Florida man freed from prison after wrongful murder, rape conviction in 1983

According to Fox news

A Florida man was freed after spending the last 37 years behind bars for a rape and murder he didn’t commit, officials said.

Robert DuBoise walked out of the Hardee Correctional Institution in Bowling Green, Fla., shortly after 2 p.m. Thursday, hours after officials revealed dramatic new evidence that proved his innocence.

“It’s an overwhelming sense of relief,” DuBoise told reporters outside the prison, where he was joined by his mother and sister. “I prayed to God every day and hoped for it.”

The 56-year-old was serving a life sentence, convicted in 1983 for the murder of 19-year-old Barbara Grams. She had been raped and beaten while walking home from her job at a Tampa mall.

DuBoise’s conviction centered on an alleged bite mark on the victim’s face. A jailhouse informant’s testimony also helped convict him.

But lawyers from the Innocence Project and the Hillsborough County Conviction Review Unit explained during Thursday’s online hearing that DuBoise’s conviction was based on false evidence. Items recovered in August 2020, combined with expert proof that the mark wasn’t from a bite and that the jailhouse informant was not credible, all contributed to his exoneration.

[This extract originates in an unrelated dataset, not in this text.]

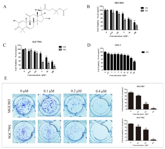 23,24-dihydrocucurbitacin E (DHCE) effectively suppressed the proliferation of gastric cancer cells. (A) Chemical structure of DHCE. (B,C) MTT assay of cell viability in MGC803 and SGC7901 cells treated with DHCE (0–100 μM) for 24 and 48 h, respectively. (D) MTT assay of cell viability in normal gastric epithelial (GES-1) cells treated with DHCE (0–128 μM) for 24 h. (E) Clones in MGC803 and SGC7901 cells treated with DHCE (0, 0.1, 0.2, or 0.4 μM) for 10 days in a colony formation assay and the statistic results of colony formation assays. The experiment was performed in triplicate, and the statistical results are expressed as means ± SD (* p < 0.05 and ** p < 0.01 compared with the control group).

A judge ruled DuBoise should be released immediately.

“Wrongful convictions erode the foundation of our justice system. For 37 years, we’ve had an innocent man locked up in prison — while the real perpetrator was never held accountable for this heinous crime,” the state attorney said in a press release. “The family of the victim, Barbara Grams, deserves to have the truth, and this new evidence helps reveal that truth to all of us.”

Teresa Hall, the supervising attorney for the conviction review unit, said during the hearing that she spent months combing through 3,500 pages of documents in the case. She found that much of the physical evidence had been destroyed, but she was able to track down rape kit evidence at the county medical examiner’s office and process that for DNA.

Within a week, that evidence excluded DuBoise.

“Robert knew the DNA would vindicate him,” said Susan Friedman, an Innocence Project lawyer. “Even though he was told over a decade ago that the biological evidence was destroyed, he wouldn’t give up.”

“If you keep hatred and bitterness in your heart, you don’t have room for anything else,” he said. “I’m just very grateful.”

The case since was reopened and authorities have a suspect in the victim’s rape and murder. Hall said the person “does not pose a threat to public safety at this time.”